--- Task brief ---
An exact copy of all the data, minus the images, is required.

--- Available data ---
▼

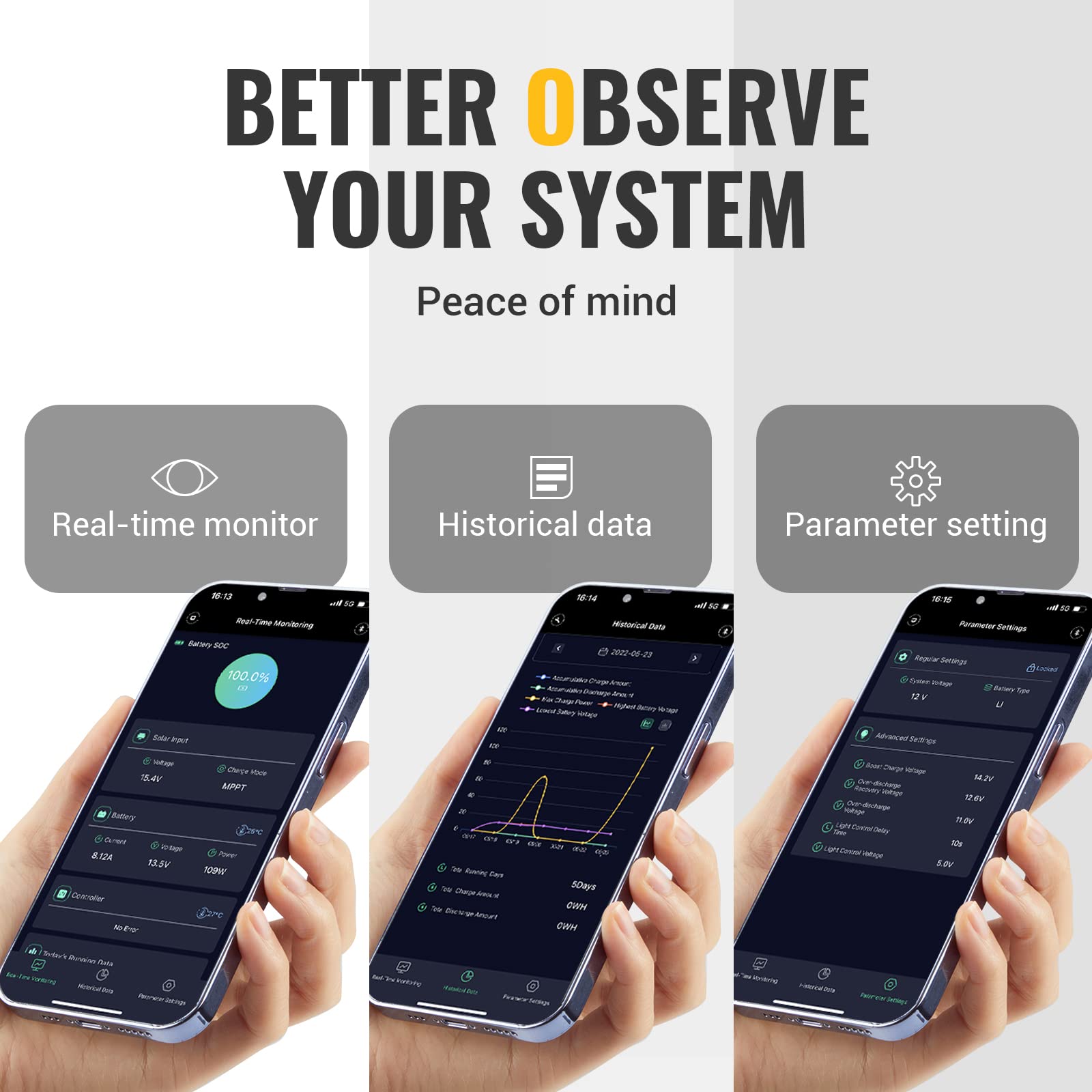 - EASY MONITOR: Pairing the solar controller with your phone via ChargePro 2.0, which makes seeing output and history data a breeze, also allows the charge voltage, current, etc. to be set for different type batteries. The remote app control provides 15 feet signal.
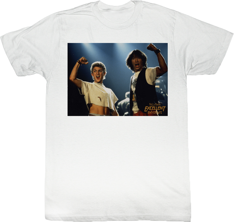 This Bill and Ted shirt features the time traveling founders of the rock group Wyld Stallyns.
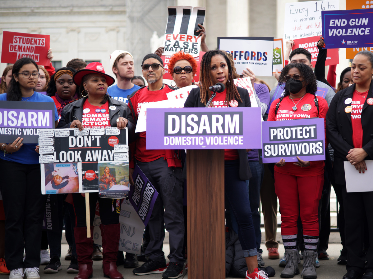 Angela Ferrell-Zabala of Moms Demand Action spoke outside of the U.S. Supreme Court at a gun-control rally on Tuesday, as the Court was hearing arguments for a case about whether domestic violence offenders are protected by the Second Amendment to own guns.

▲

--- Exercise response ---
 - EASY MONITOR: Pairing the solar controller with your phone via ChargePro 2.0, which makes seeing output and history data a breeze, also allows the charge voltage, current, etc. to be set for different type batteries. The remote app control provides 15 feet signal.
 This Bill and Ted shirt features the time traveling founders of the rock group Wyld Stallyns.
 Angela Ferrell-Zabala of Moms Demand Action spoke outside of the U.S. Supreme Court at a gun-control rally on Tuesday, as the Court was hearing arguments for a case about whether domestic violence offenders are protected by the Second Amendment to own guns.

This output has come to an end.